I want to be alone and lay in a still position. Even moving
to change positions is a task, one I don’t wish to partake in.
For a moment I forgot how to breathe, as if anyone has ever
taught me. Something as natural, as voluntary as breathing ceased. I remember
staring at his body hearing voices talking, they asked me what they should do
with his body. My first response was reaching for my phone to call him on his. Then my mind quickly
reminded me that he was gone. I then
asked the hospital staff to give me a few hours, that I’d be back to get him.
I don’t think I’ll ever make sense of that moment, even in
the years to come. One second he was there and the next he was gone. That
particular moment taught me that I own nothing. That even our righteousness had
no value against death. I could have been the most perfect wife but that
wouldn’t constitute my ownership over my husband’s life. No matter how much I
loved my husband, my love was never going to be enough. I couldn’t lay claim
over him and tell God he was mine and therefore he should let him live.

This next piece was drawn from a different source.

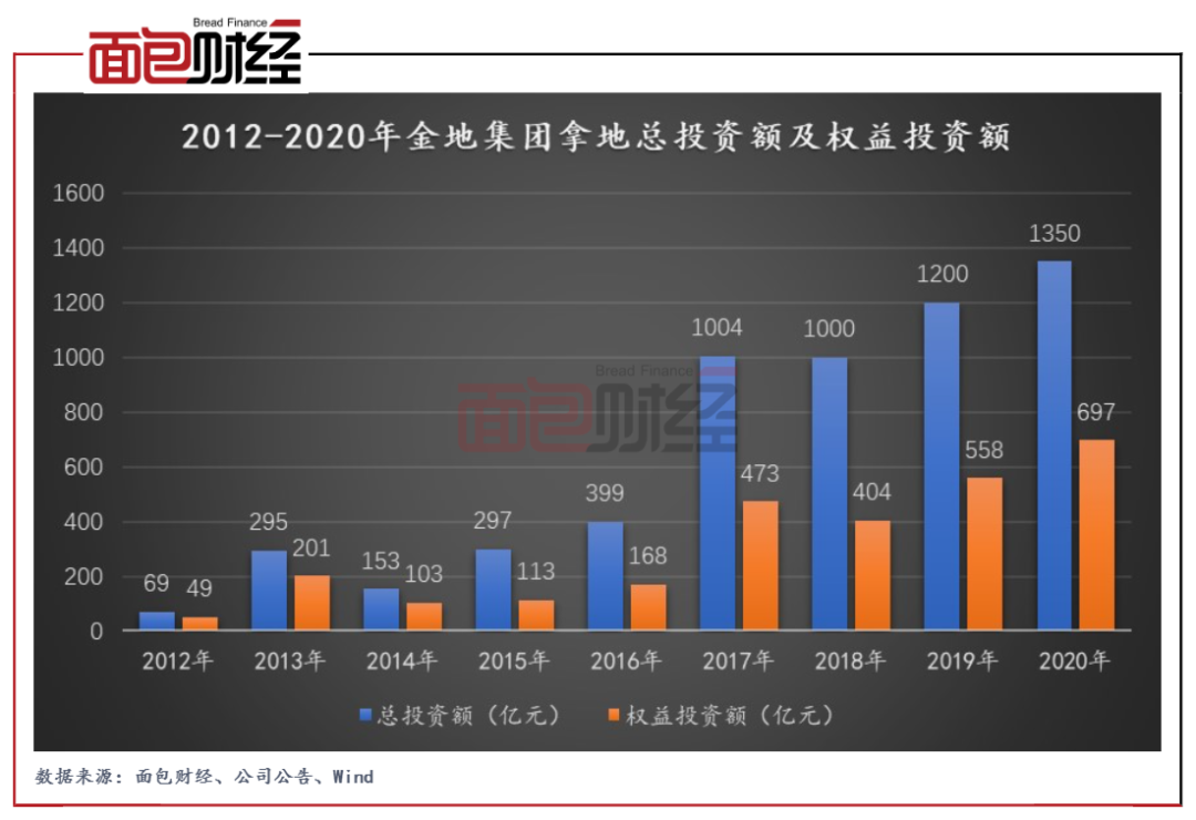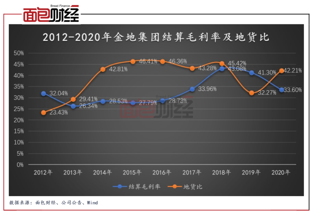 按照房地產(chǎn)行業(yè)的特性,結(jié)算毛利率相對(duì)來說是滯后的,從拿地毛利率兌現(xiàn)到結(jié)算毛利率,可能與融資成本、推盤節(jié)奏和結(jié)算結(jié)構(gòu)有關(guān)。追溯金地集團(tuán)過往拿地及銷售數(shù)據(jù),自2016年開始,公司尋求銷售規(guī)模的快速增長,與之匹配的拿地儲(chǔ)備也全面加速。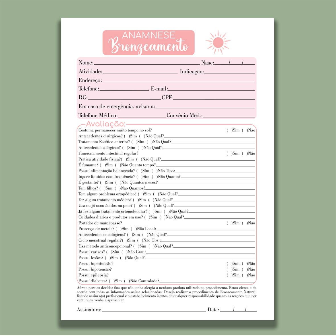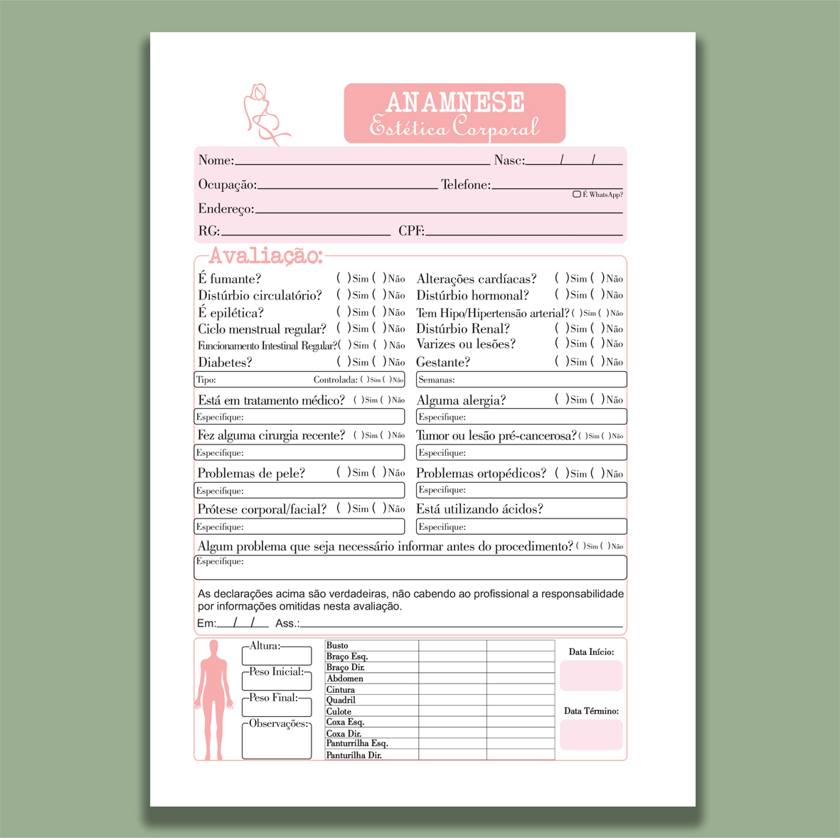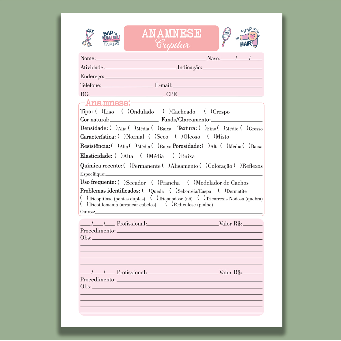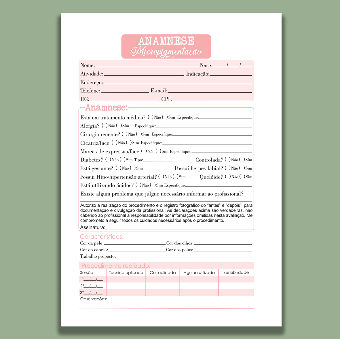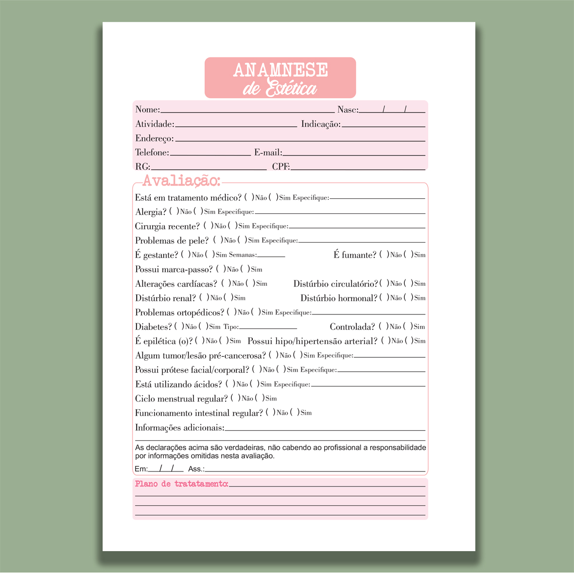 Organize suas consultas com praticidade e profissionalismo usando nosso bloco de anamnese encadernado. Ideal para consultórios, clínicas, estúdios de estética, fisioterapia e outras áreas da saúde, ele garante registros claros e seguros das informações dos clientes ou pacientes.

This is why I cared about nothing after. There was no point
in anything. What would be the point in celebrating a life only to lose
it? And if something as precious as life
could be lost, what’s the point of celebrating and holding on tightly to
material wealth? It all seemed pointless.
I couldn’t let this go on though. My kids still needed a
mother. Me still needed me.
I won’t lie, it was tough; it still is and today is just one
of those tough days.
I woke up with such unbearable pain in my heart. I was
filled with confusion because everything in me doesn’t want to feel like this.
My brain identifies these emotions
and pain as quick sand and that I need to get out as soon as I can. Then the
battle in the mind begins. I’m grasping for air. I am fighting to stay
conscious. The emotions want me to stay but a part of me, I’m not sure which
one, keeps fighting to leave.
That’s the thing about depressed moods. They’re somehow comforting but can kill if you
dare stay there. I guess I should be grateful there’s a part of me that’s fighting
hard not to stay in this state. I call it
faith. To this day there’s not been
too many signs of me ever reaching full recovery, but when I read God’s word it
tells me I’ll make it and since I’ve made it to 22 months without my beloved
husband, I guess I will.
Isaiah 41:10 New King James Version (NKJV)
10 Fear not, for I am with you;
Be not dismayed, for I am your God.
I will strengthen you,
Yes, I will help you,
I will uphold you with My righteous right hand.’
Be not dismayed, for I am your God.
I will strengthen you,
Yes, I will help you,
I will uphold you with My righteous right hand.’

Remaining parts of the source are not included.